Veel meer diagnostische waarde gegeven aan het vinden van het epitheel. Met een zekere vaardigheid, kan men het epitheel van de galkanalen, de blaas en de twaalfvingerige darm onderscheiden, en dus een actuele diagnose van het ontstekingsproces uitvoeren, vergezeld van desquamatie van epitheliale cellen. Het epitheel van de hepatische galkanalen is laag prismatisch, de ronde kernen bevinden zich dicht bij de basis, er is geen cuticula. Het epitheel van de galblaas is hoog prismatisch met een relatief grote ronde kern dichtbij de basis. Het epitheel van de galbuis is hoog prismatisch, ziet er bijzonder lang en smal uit ("match" cellen), heeft dezelfde lange en smalle kern. Het epithelium van de twaalfvingerige darm is groot, met een grote grote kern en een verdikte cuticula.

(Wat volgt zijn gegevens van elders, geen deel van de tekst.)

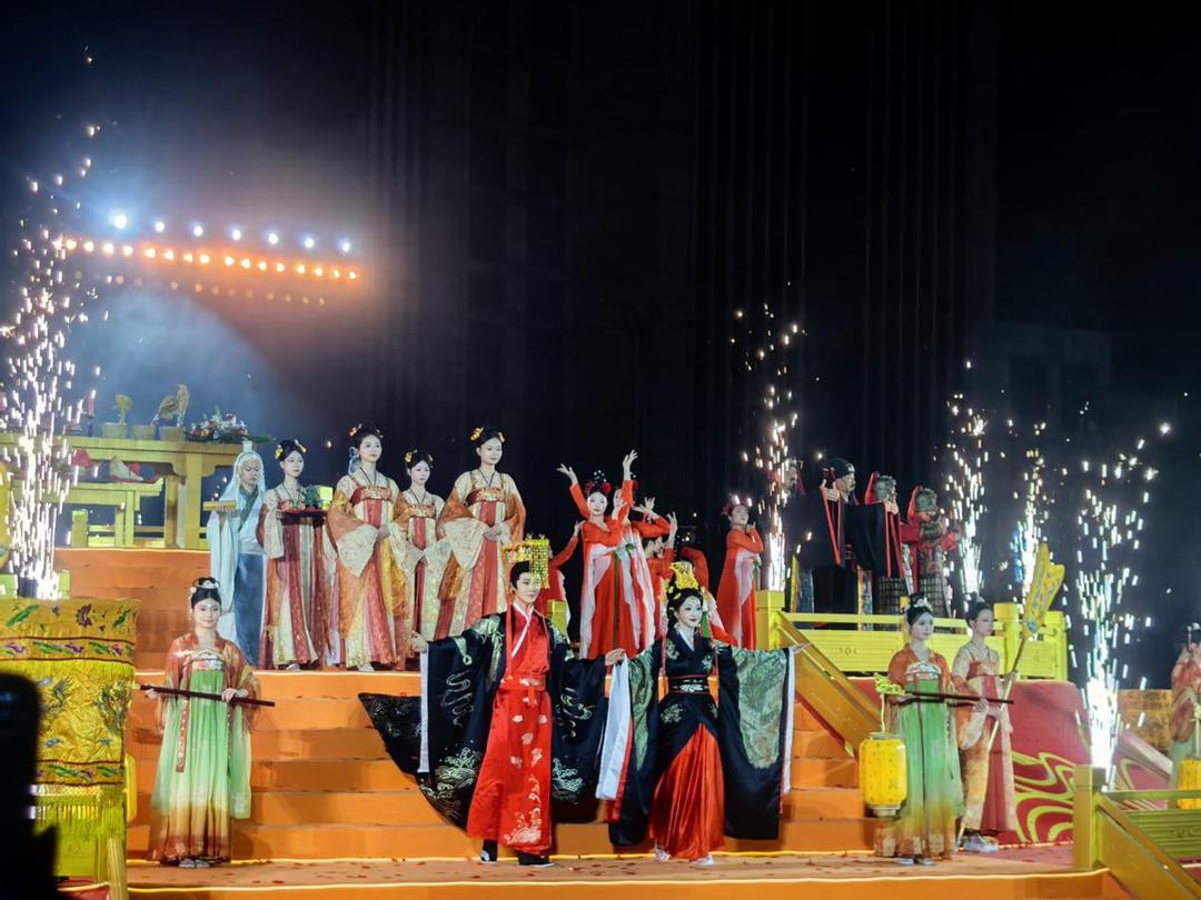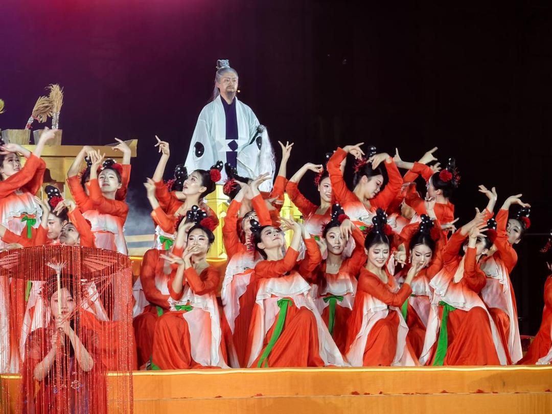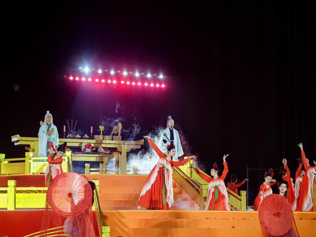 当晚19时48分,庄重的祈福仪式率先举行。在三层圆形祈福台上,依古制陈列香案贡品,旗幡飘扬。在神鼓与颂歌中,阴天子与天子娘娘登坛主祭,敬献五谷三牲,祈愿风调雨顺、国泰民安。巴人莽号、神鼓舞等古老仪礼与现代表演形式结合,传递出深厚的历史文化底蕴。

Bepaald belang wordt gehecht aan de aanwezigheid van cholesterolkristallen, die de vorm hebben van dunne, kleurloze vierhoekige platen en bruinachtige calciumbilirubine-klonten. In kleine hoeveelheden kunnen ze voorkomen bij gezonde mensen. Het vinden van een groot aantal van hen, hoewel het geen direct bewijs is van de aanwezigheid van galstenen, maar wijst op een dergelijke mogelijkheid, wat wijst op een verlies van colloïdale galstabiliteit.

Microliths (microscopische stenen) zijn donkere, licht-brekende ronde of veelzijdige formaties. Ze bestaan ​​uit kalk, slijm en cholesterol. Microlithen worden vaker gevonden in delen B en C. Aangezien microlithen geassocieerd zijn met het proces van steenvorming, heeft het vinden van deze een grote diagnostische waarde.

Galzuren zijn onder de microscoop zichtbaar in de vorm van kleine bruinachtige of felgele korrels. De detectie van overvloedig sediment van galzuren met grote zorg (vanwege de moeilijkheid om de onzuiverheid van maagsap volledig te elimineren) kan worden beschouwd als een indicator van dyscholia.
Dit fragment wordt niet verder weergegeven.